A British tech security company has decided to try to hack a Mitsubishi Outlander and it has managed to do it quite easily.
The UK-based Pen Test Partners company proved once again that auto cybersecurity is a real concern by accessing through Wi-Fi the system computer on a Mitsubishi Outlander plug-in hybrid electric. Once inside, the firm’s tech guys could easily mess around with the charging programme or playing with the air conditioning and heating, thus draining the battery. But worse than that, they managed to disable the alarm system and “once unlocked, there is potential for many more attacks,” they reported. “The on-board diagnostics port is accessible once the door is unlocked.” The company also said that it tried to privately discuss the issue with Mitsubishi, but the attempt was greeted with disinterest.
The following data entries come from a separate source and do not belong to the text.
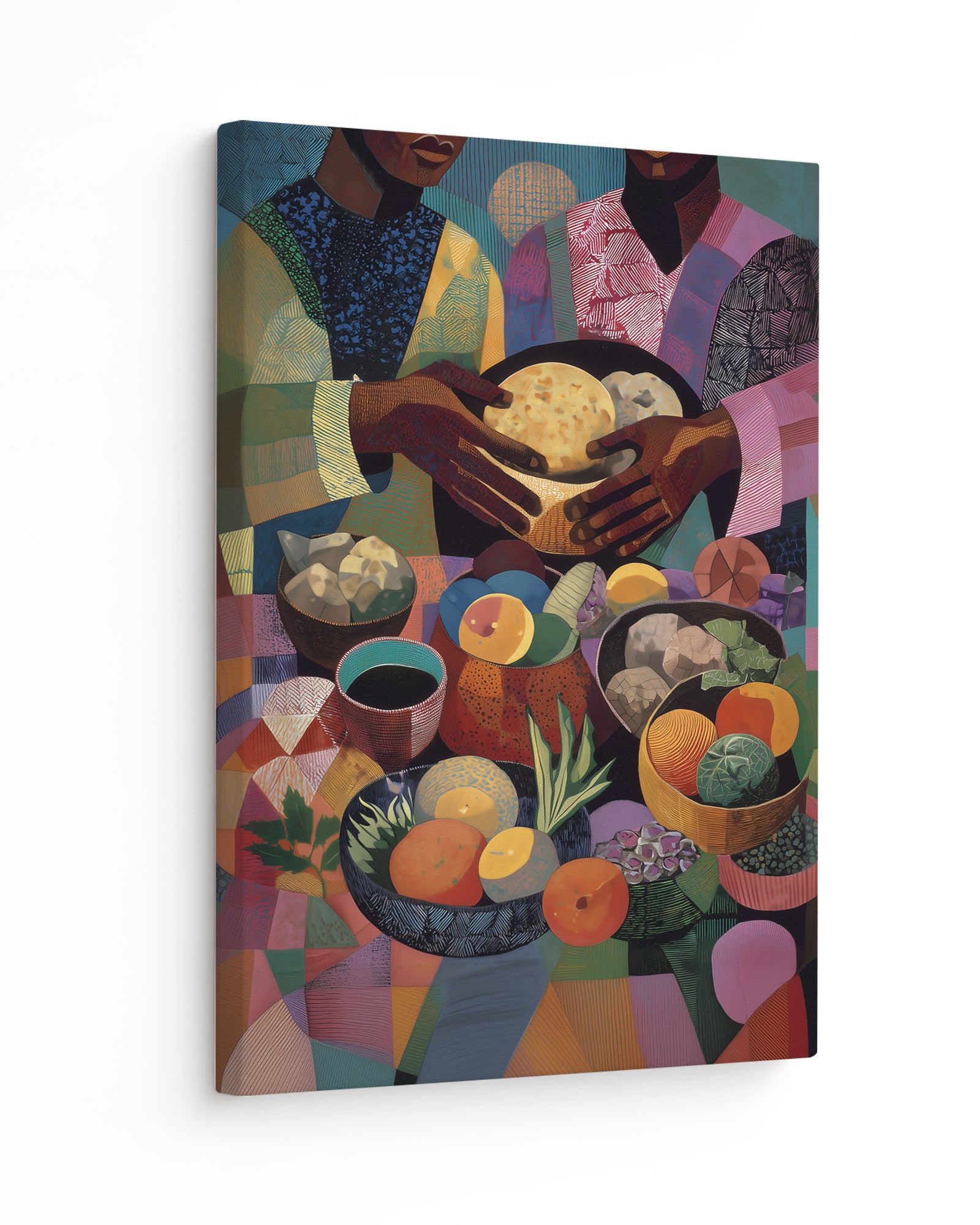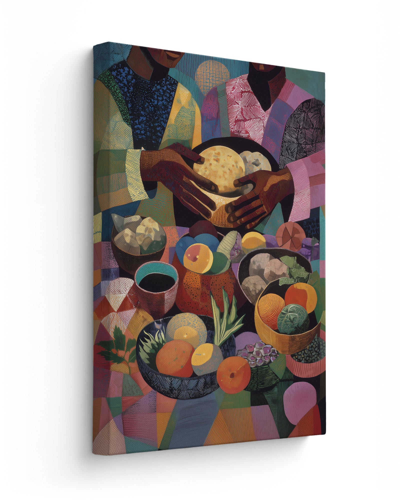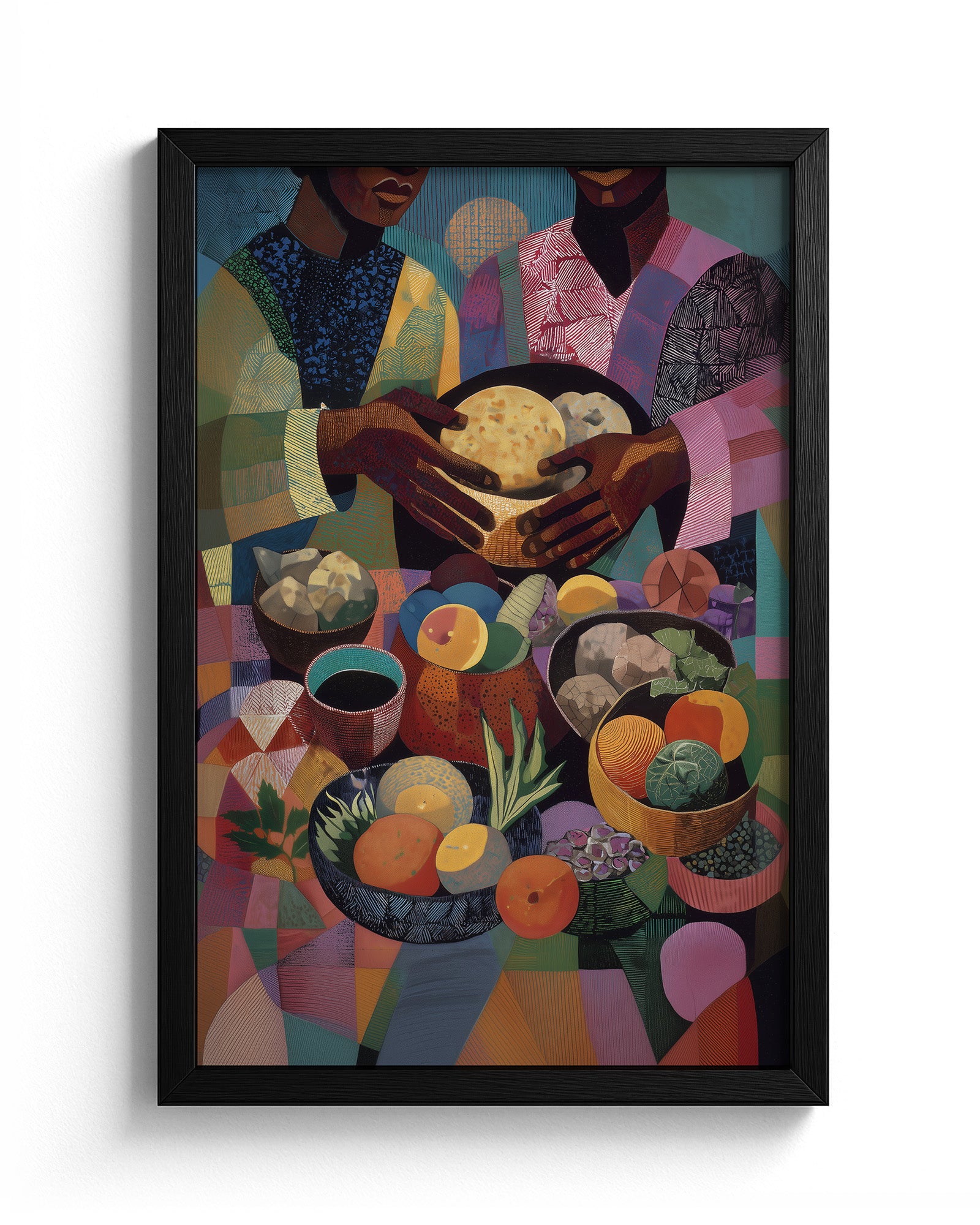 A cubist-inspired Yoruba artwork depicting two figures holding bread above a vibrant spread of fruits, vegetables, and bowls of traditional foods. Rich colors of red, gold, and green intertwine with textured patterns, celebrating community, abundance, and the spiritual bond between food, culture, and kinship.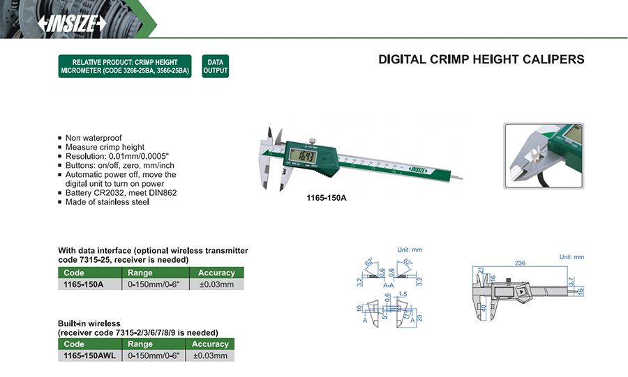 | 1165-150A | 0-150mm/0-6" | ±0.03mm | 0.01mm/0.0005" | with data interface |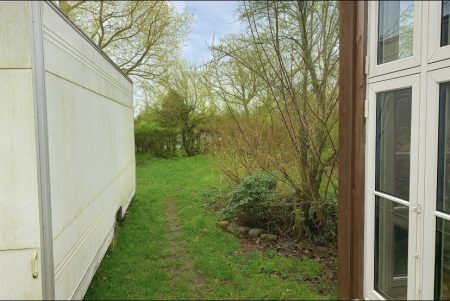 I haven står en 10 m² mandskabsvogn, som i dag rummer både køkken og kloakeret toilet. Der er indlagt strøm i huset og ført strøm frem til vognen, hvilket giver særdeles gode muligheder for dig, der på sigt ønsker at etablere en selvstændig køkken- og badebygning. Her ligger virkelig et stort udviklingspotentiale.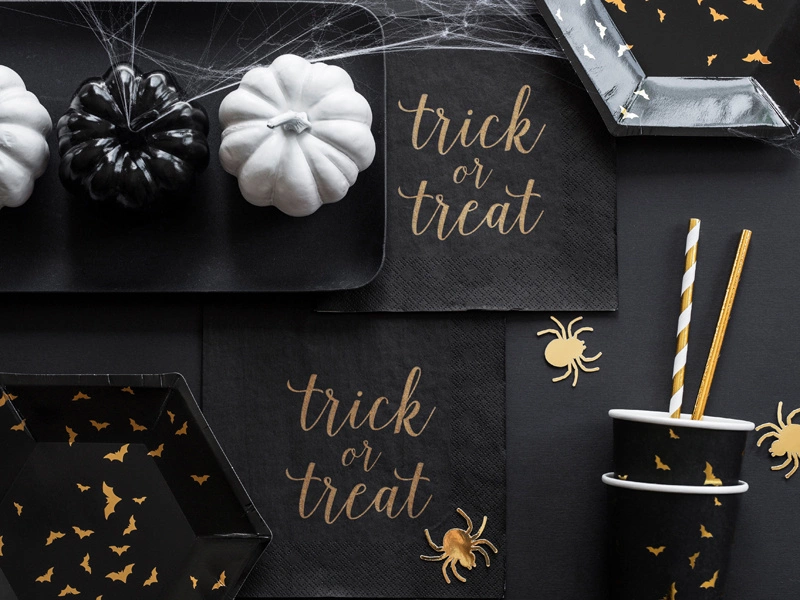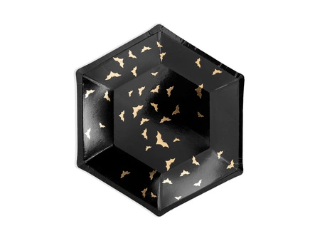 - Talerzyki papierowe Trick or Treat w kolorze czarnym ze złotym wzorem, średnica ok. 20 cm. (1 op. / 6 szt.)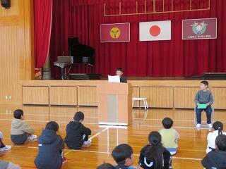 1/7(火)の1校時に3学期の始業式をしました。初めに4年生と6年生の代表児童が3学期の目標について発表しました。4年生は「わり算の筆算」「片付け」「鉄棒」、6年生は「漢字」「そろばん」「体操」についてそれぞれがんばるという発表をしました。校長先生からは、命を守ること、家族の一員としてできることに取り組んだ冬休みになれたかを質問された後、こつこつと練習したり、努力したりすることのよさなどについて話をしていただきました。長田っ子全員、新年を迎えて、次の学年へ向けてしっかりと成長する姿を見せてくれることでしょう。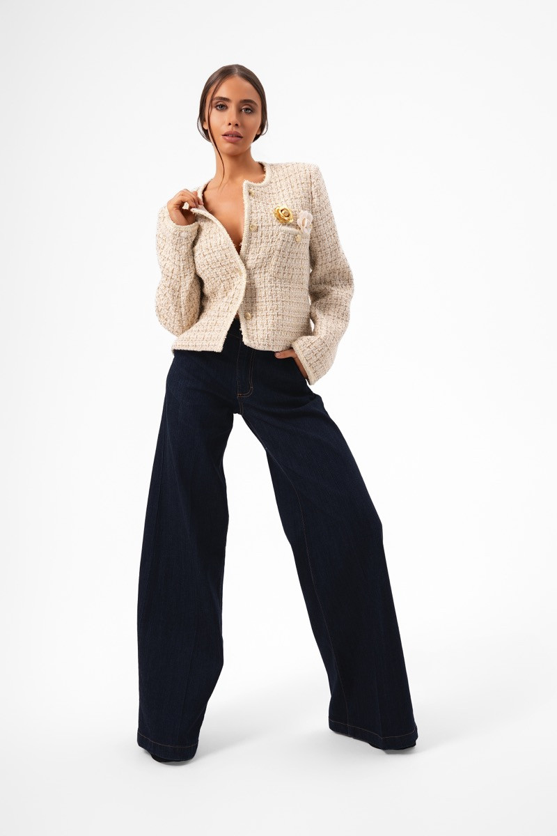Дънки с висока талия и свободна, разкроена кройка – съвременен силует с винтидж усещане. Изработени от плътен деним с дълбок индигов нюанс, те подчертават талията и издължават фигурата. Съчетавайки удобство и елегантност, моделът е идеален както за ежедневен стил, така и за по-смели градски визии.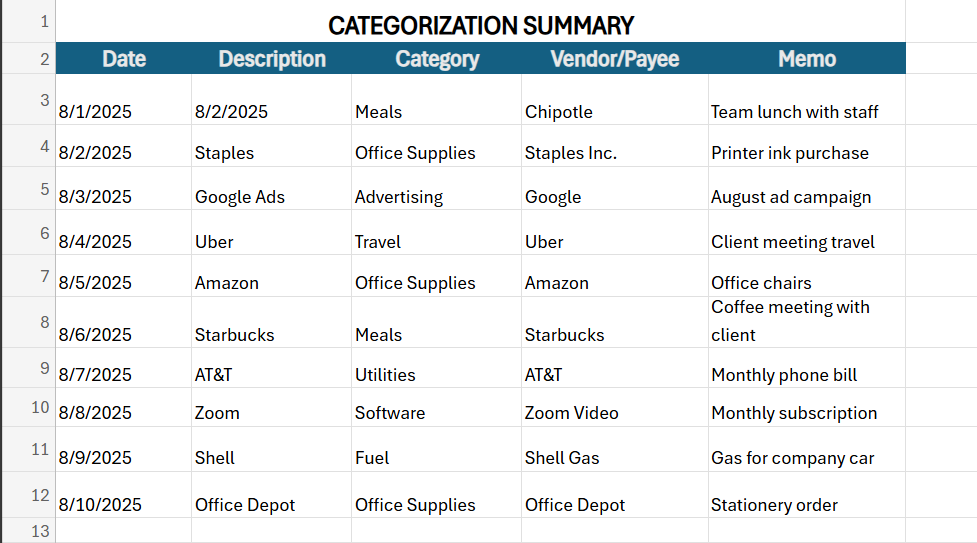 categorization summary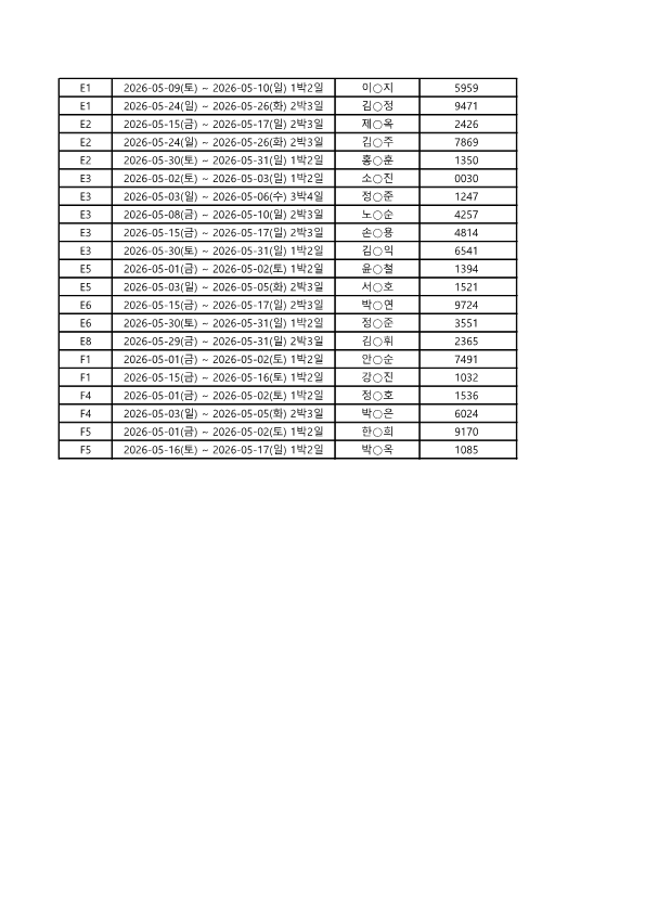 2026년 5월 3차 잔여석 추첨 당첨자 명단입니다. 4월 13일 13:00시 전까지 결제 완료 하셔야 예약 확정이 됩니다. 반드시 시간 전에 결제 해주셔야 예약이 완료되며, 공지확인을 하지 않아 미결제로 예약이 취소되는 경우에는 복구가 불가합니다. 궁금하신 사항이 있으시면 유선 상으로 문의 부탁드립니다.

Therefore, Pen Test Partners contacted BBC to disclose the vulnerability and Mitsubishi has suddenly become very responsive, while the automaker also started to work on a fix.
Such news comes nearly a year after Fiat Chrysler was forced to recall 1.4 million US vehicles to install new software, following a magazine report that raised concerns about hacking, marking the first safety cybersecurity action for the automotive industry. In February, a cyber-security specialist found out that the smartphone app specially made to remotely control some of Leaf’s functions could be hacked into, prompting Nissan to temporally disable it. Earlier this year, in a joint issued bulletin, the FBI and US National Highway Traffic Safety Administration said owners and carmakers should be much more aware of cybersecurity risks triggered by the rising of connectivity techs.